You South Africa

THE END OF THE BAT LASH

BEYOND the entrance to a dank, forsaken chalk mine on the edge of a wooded thicket in Surrey, England, I’m waiting for the arrival of what may just be the planet’s most unpopular creature. This year’s, certainly.

It’s late September and the time is a little after 7pm. Above us, the harvest moon, full and bright, takes its place at the head of things. At least we won’t be in total darkness.

“Shouldn’t be long now,” says ecologist Daniel Whitby, beneath his head torch. There are five of us in the mine: Daniel; his fellow ecologists, Annika Bi-net and Liz Walsh; and Walsh’s husband, Ronan, who’s just tagging along.

We’ve been here for two hours, accompanied only by cave spiders.

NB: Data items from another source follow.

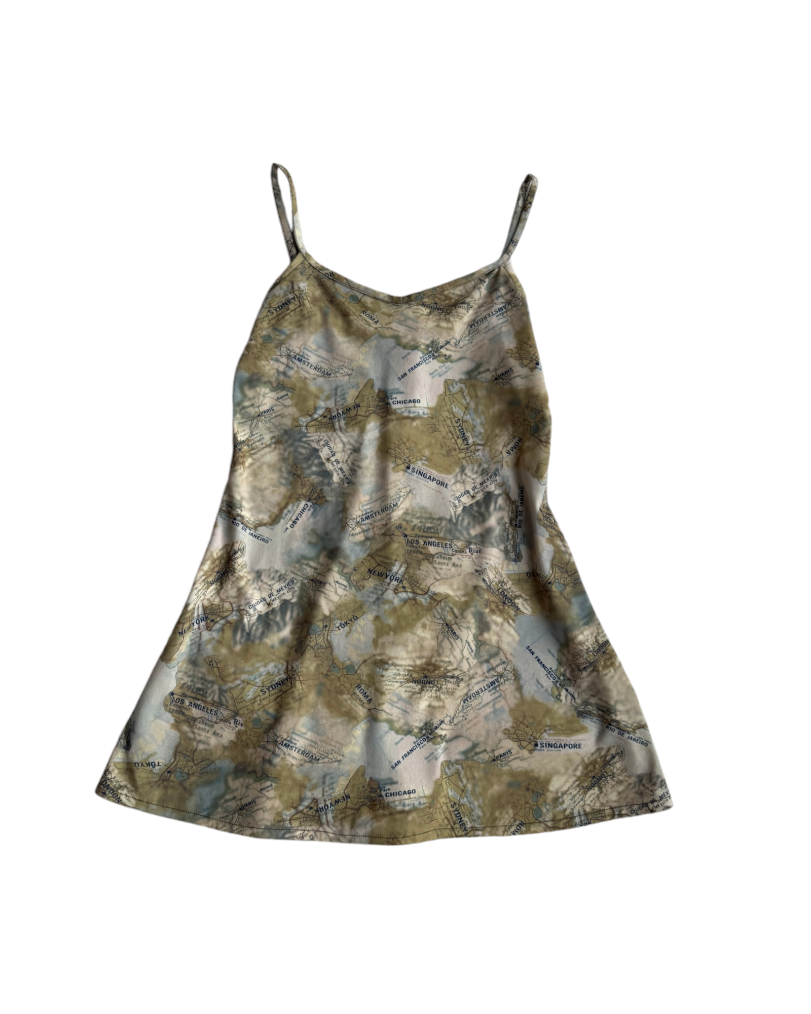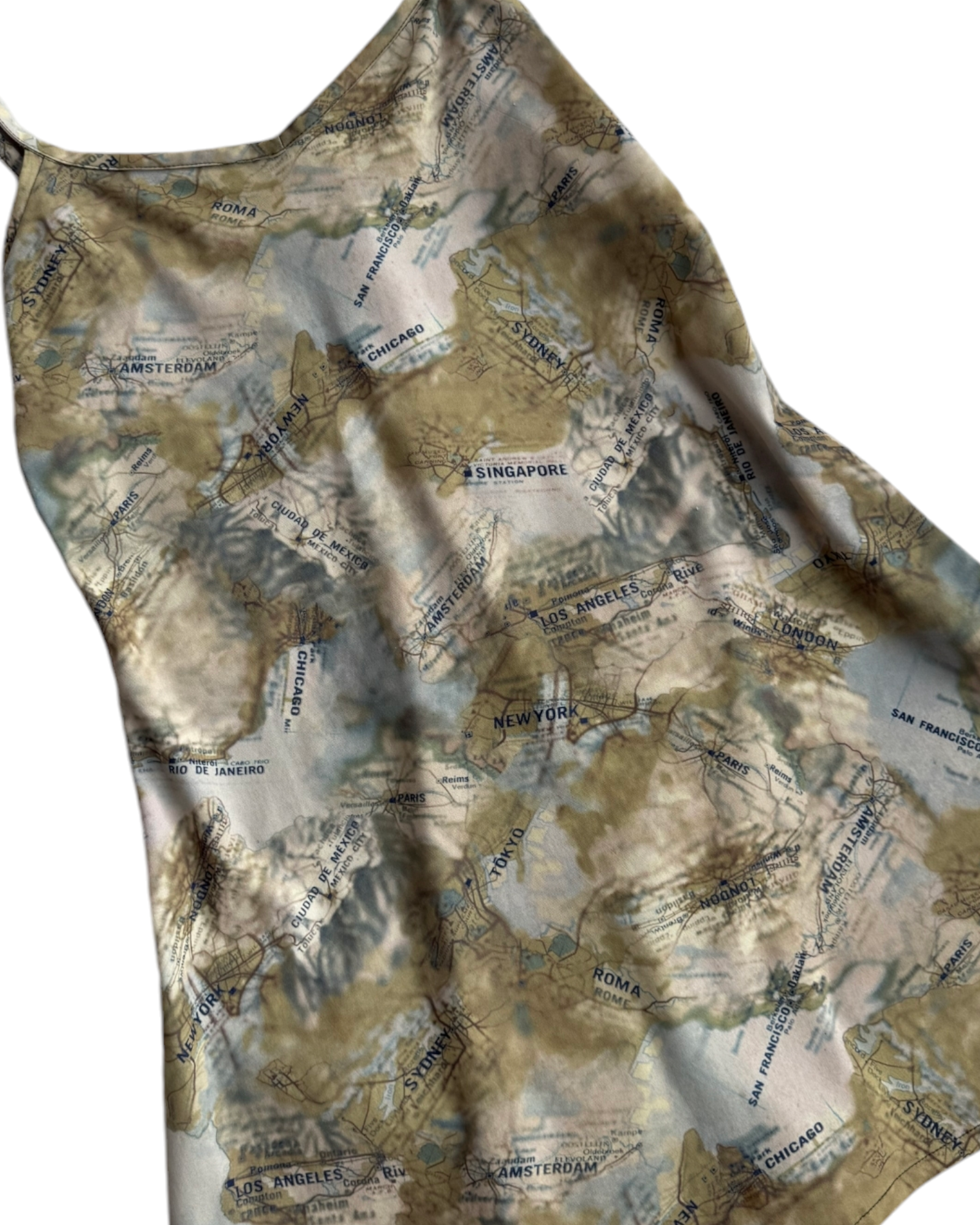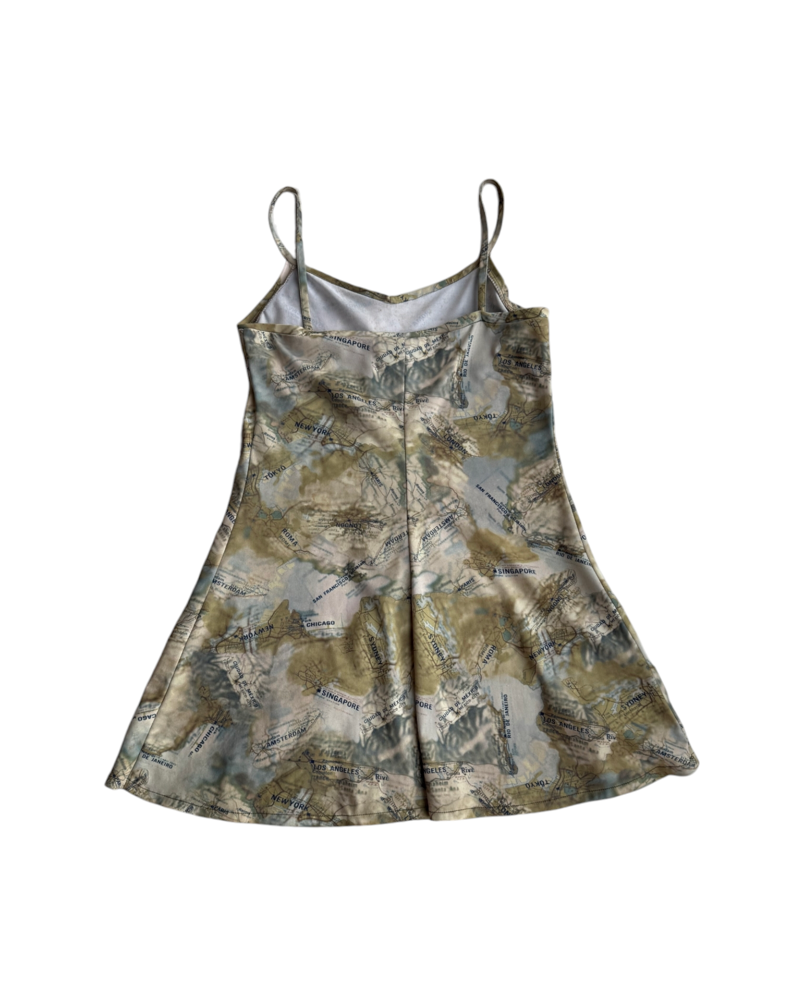 MINI VESTIDO EN CORTE A Y CON TIRANTES SPAGUETTI CON PRINT DE MAPA DE EUROPA, TRAE DIFERENTES CIUDADES MARCADAS. SIN DETALLES DE USO.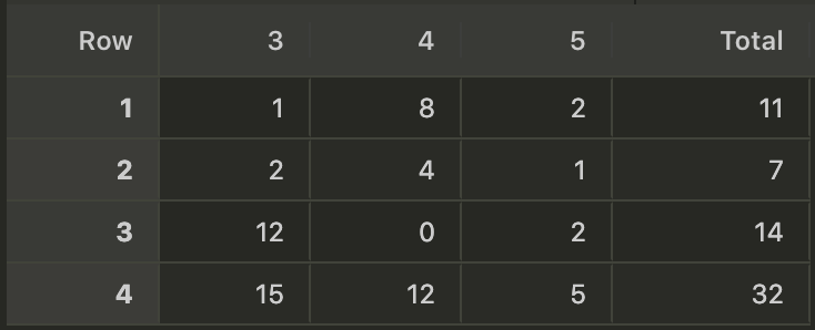 Let's create the contingency table of the number of gears and the number of cylinders. Both of these variables are interpreted as Integers, but their values are discrete and, clearly, categorical in nature.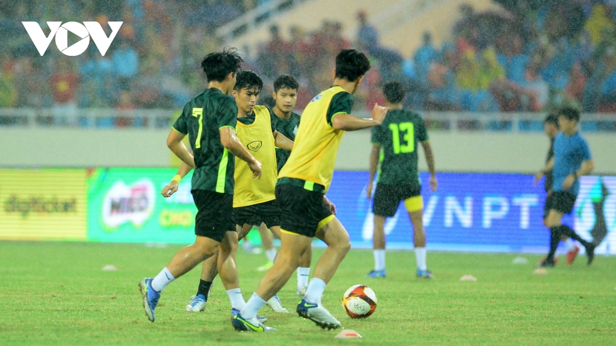 2' Cú đá đầu tiên trong trận thuộc về U23 Việt Nam. Văn Tùng sút bóng đi chệch khung thành của thủ môn Kawin.

By 9.30pm, small talk has dried to a companionable silence. And just as I rest against the mine’s white, chalk walls and begin to feel comfortable in its labyrinthine chambers, a near-imperceptible shudder passes close to my head. Then again. And again, only this time inches from my eyes. We are no longer alone.

“Ah, hello,” Daniel says, to no one in particular. He doesn’t even look up. The bats have arrived.

In terms of pure negative press coverage, it’s difficult to think of anyone – not terror organisation Isis, not Donald Trump, not even Prince Andrew – that has endured a worse 2020 than bats.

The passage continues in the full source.